In seinem Ausweis, in amtlichen Akten und dienstlichen Dokumenten, auch in seiner Sterbeurkunde, heißt er Klaus-Dieter. Freunde und Bekannte kennen ihn nur als David. In seiner Geburtsurkunde steht der Name David, später handschriftlich hinzugefügt.

Er hat die Geschichte wie folgt erzählt: Am 15. März 1945 wird er in Dessau geboren, der Vater ist Jude, die Mutter Katholikin. Nach jüdischem Gesetz ist David kein Jude. Was die Nazis natürlich nicht interessiert, Halbjude oder ein bisschen Jude, jedenfalls ist das Blut in dieser Familie nicht arisch genug. Und da seine Eltern am 15. März nicht wissen, dass es nicht mehr lange dauert bis zum 8. Mai, lassen sie den Namen „Klaus-Dieter“ eintragen. „Eppenstein“ bleibt.

Der 8. Mai ist längst vorüber. David geht zur Schule, dann auf die Freie Universität, arbeitet in der Volkshochschule Charlottenburg-Wilmersdorf als Programmbereichsleiter, alle nennen ihn „David“. Auch seine Eltern haben nie „Klaus-Dieter“ gesagt.

David beginnt, sich mit dem Judentum zu beschäftigen. Belegt Hebräischkurse, studiert die Thora und den Talmud, lässt sich urkundlich als Jude eintragen. Fährt aber nie nach Israel.

Er bewohnt eine großbürgerliche Wohnung in der Fasanenstraße, Stuck an den Decken, an den Wänden Billy-Regale, gefüllt mit einer umfassenden Bibliothek, mit antiquarischen Gesamtausgaben von Marx und Dante, ein Ledersofa. Quadratische Lampen und Bilder, deren Kanten sich exakt aufeinander beziehen. Er kocht grandios, leert seinen eigenen Teller aber nie. Er kümmert sich um einen gehörlosen Jungen, erlernt seinetwegen die Gebärdensprache, richtet Kurse an der Volkshochschule ein. Und brüllt bei dienstlichen Sitzungen seine Kollegen an. Er läuft durch die Büros, als sei er der Geschäftsführer, verabscheut aber Autorität. Er lebt in Beziehungen zu Frauen, trennt sich jedoch immer wieder.
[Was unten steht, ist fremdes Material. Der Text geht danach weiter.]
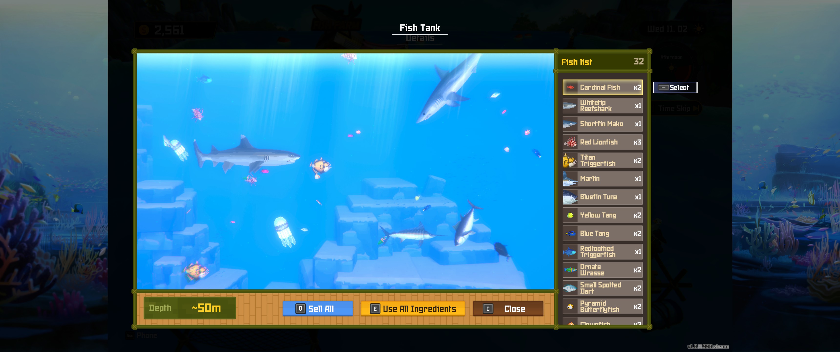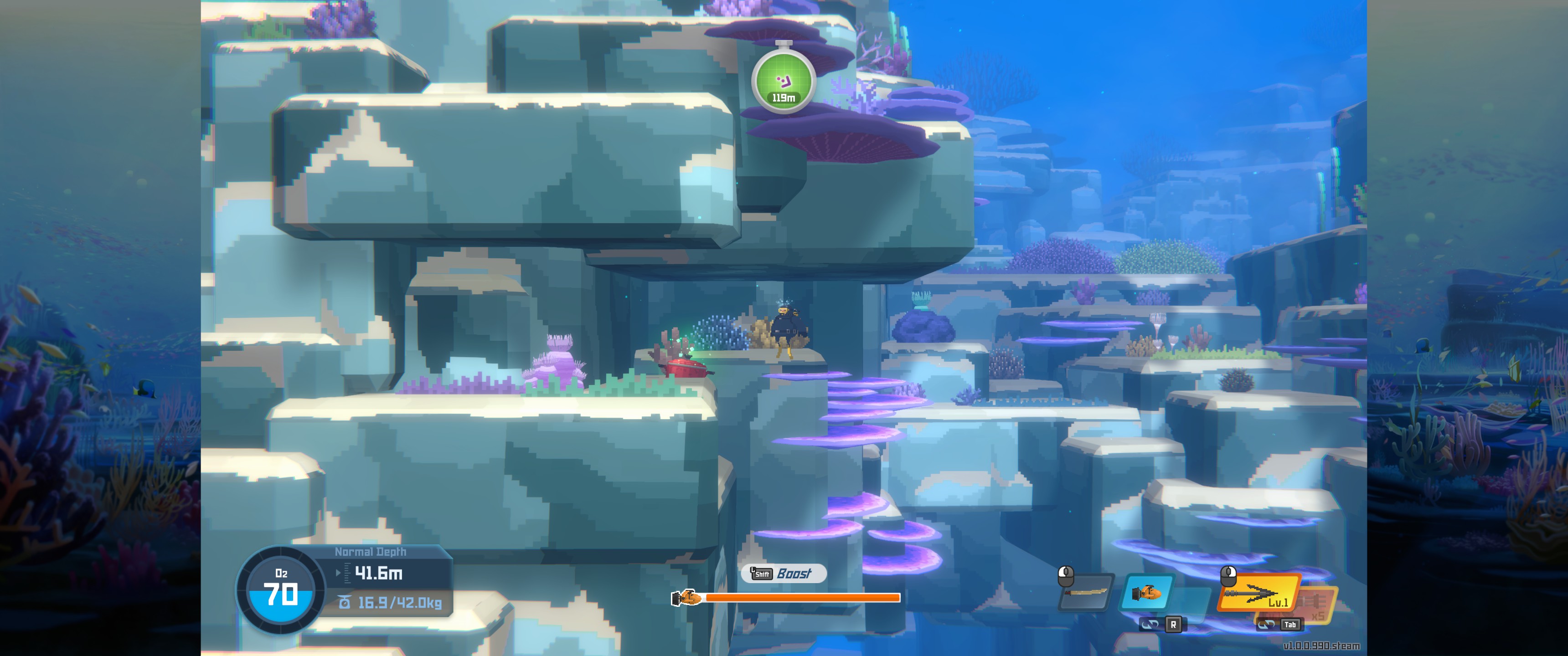 Le jeu est globalement divisé en deux séquences jouées en alternance : une phase de plongée sous-marine et une phase de gestion de restaurant, le tout saupoudré d’éléments de RPG, quoique je trouve ce rapprochement abusif. Ce que l’on veut dire par là, c’est qu’il y a des mécaniques de progression.
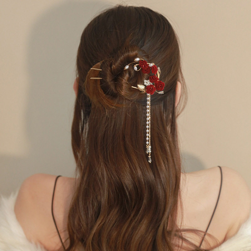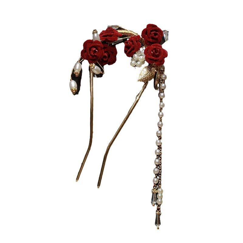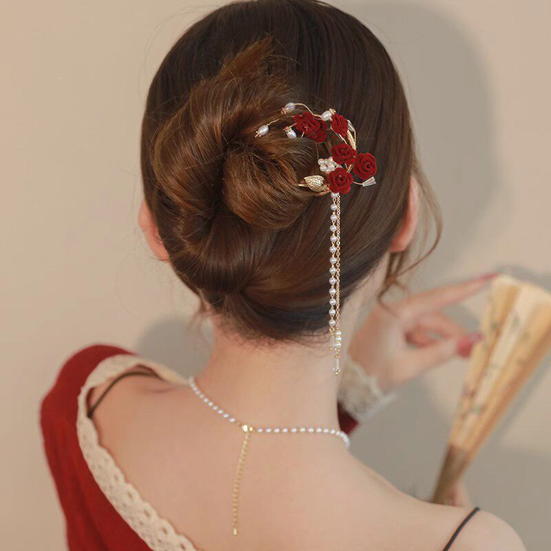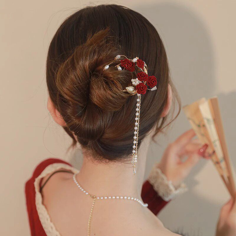 📚 喜婆婆头上戴的花女士盘头花喜婆婆头饰高端结婚妈妈盘头发饰发簪

Er brilliert einmal geistreich und analytisch in Gesprächen, beschimpft sein Gegenüber ein andermal grob und wüst; stumpfsinnig und einfältig sei der andere, ein Nazi obendrein, Deutschland habe sich eben nie geändert. Er kann eine trübe Weihnachtsfeier mit seinem Erscheinen, seiner Brillanz zum Leuchten bringen, kann die Laune aller auf einem Fest aber ebenso gut niederreißen. „Du bist herzlich eingeladen“, sagen Gastgeber zu seiner Frau, „deinen Mann aber wollen wir nicht mehr sehen.“ Was verständlich ist. Und betrüblich. Denn David geht es darum, die Dinge zu durchdenken. Und denken kann man nicht schnell, nebenher, Ansichten prallen eben manchmal aufeinander.

Häufig hinterlässt er nur diesen letzten Eindruck, schroff und hässlich, wundert sich nachher, warum die Menschen so verständnislos reagieren. Dann zieht er sich zurück, wird noch misstrauischer, erklärt den Rest der Welt zu Geisterfahrern.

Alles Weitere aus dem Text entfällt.